The June 2, 2026 decision, GEC (Richmond) GP Inc. v. MNP Ltd., 2026 BCCA 240, concerns an entire Richmond city block once planned for seven residential and commercial towers, a project that never got past the excavation stage.
Romspen agreed in 2019 to lend the developers up to $422 million to build the site, advancing its own money and trying to syndicate the rest. By March 2020 it had advanced about $143.6 million before telling the developers it would stop funding, saying it could not syndicate the remaining loans. The developers could not find replacement financing and sought creditor protection under the Companies' Creditors Arrangement Act in April 2020.
Two court-run sales processes failed to produce a viable bid. Early this year, the monitor, MNP Ltd., asked the court to approve a deal letting Romspen take the property through a credit bid - in effect applying the debt it is owed toward the purchase price instead of paying cash. Justice Fitzpatrick of the Supreme Court of British Columbia approved the order in April 2026, calling it the only option to preserve and maximize value for everyone with a stake.
The developers and GEC sought to appeal. GEC had paid a $60 million deposit in 2018 to buy two of the planned towers and had agreed to let Romspen's mortgage rank ahead of its own. Both argued the lower court was wrong to approve a credit bid while the amount of Romspen's credit bid was still undetermined and related claims unresolved, and that the order would limit their ability to challenge the transfer or recover later.
Justice Mayer was unmoved. Leave to appeal a CCAA order is granted sparingly, he wrote, because the decisions are highly discretionary and the supervising judge is deeply steeped in the details of the case. He found the proposed appeals had little chance of success and, even if granted, would not leave the developers or GEC better off.

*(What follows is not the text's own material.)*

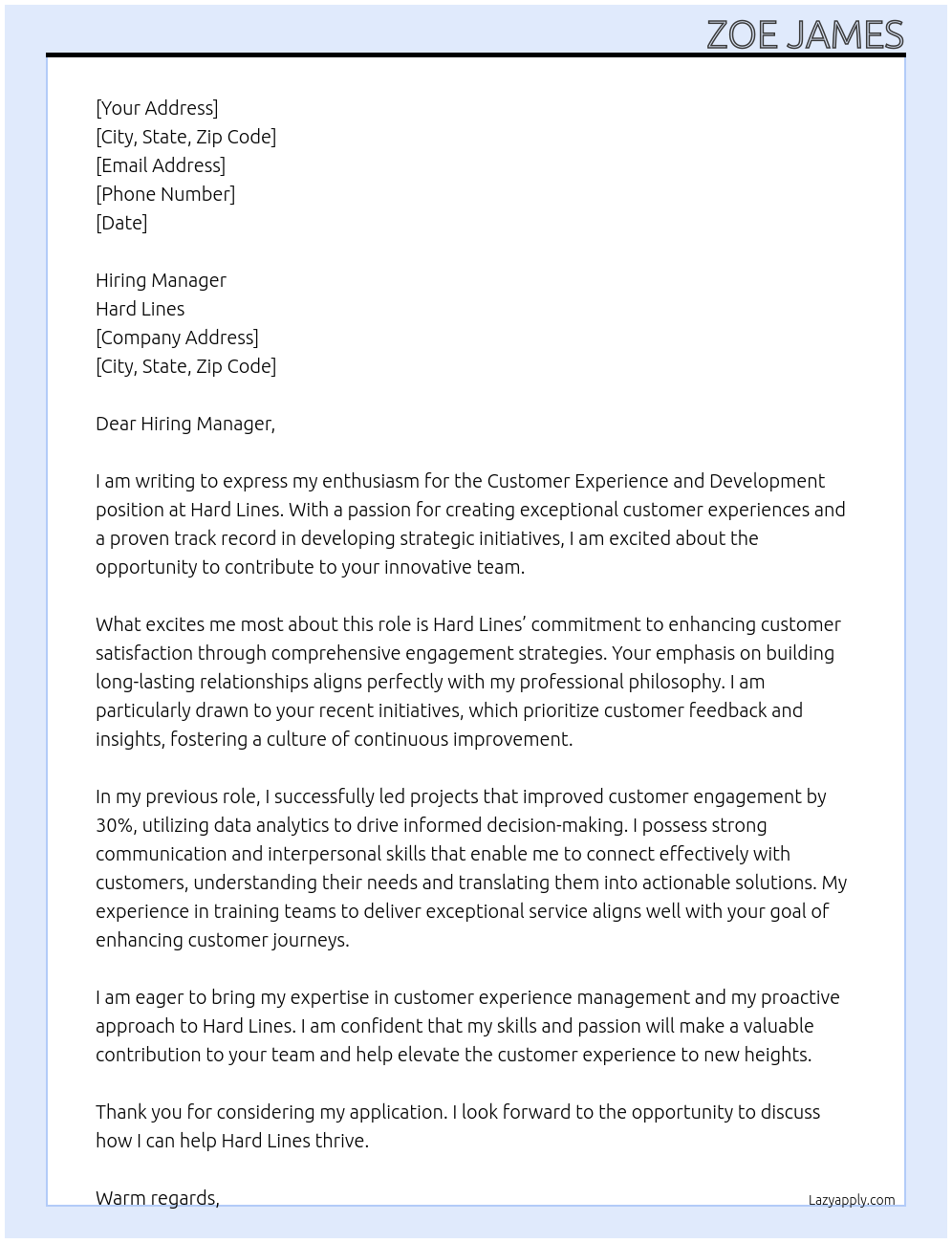 Customer Experience and Development Cover Letter At Hard Lines

The developers' set-off claim, Justice Fitzpatrick had observed and Justice Mayer agreed, is "unproven and tentative at best," and any final result is "years away."
Timing mattered. The sale is set to close at the end of July 2026, and the court accepted the appeals could not realistically be heard before then. Delay carried a price of its own: site preservation costs of $200,000 a month and interest on secured debt mounting at more than $5 million a month.
The broader fight is not finished. A 10-day hearing on the underlying liability claims is scheduled before another judge in October 2026, and Romspen's request to take an earlier ruling to the Supreme Court of Canada remains outstanding.
For advisors watching the private credit space, the decision is a reminder of how heavily courts lean on monitors and secured lenders when a distressed project has run out of cash buyers - even though the court stressed this case turned on its own unusual facts.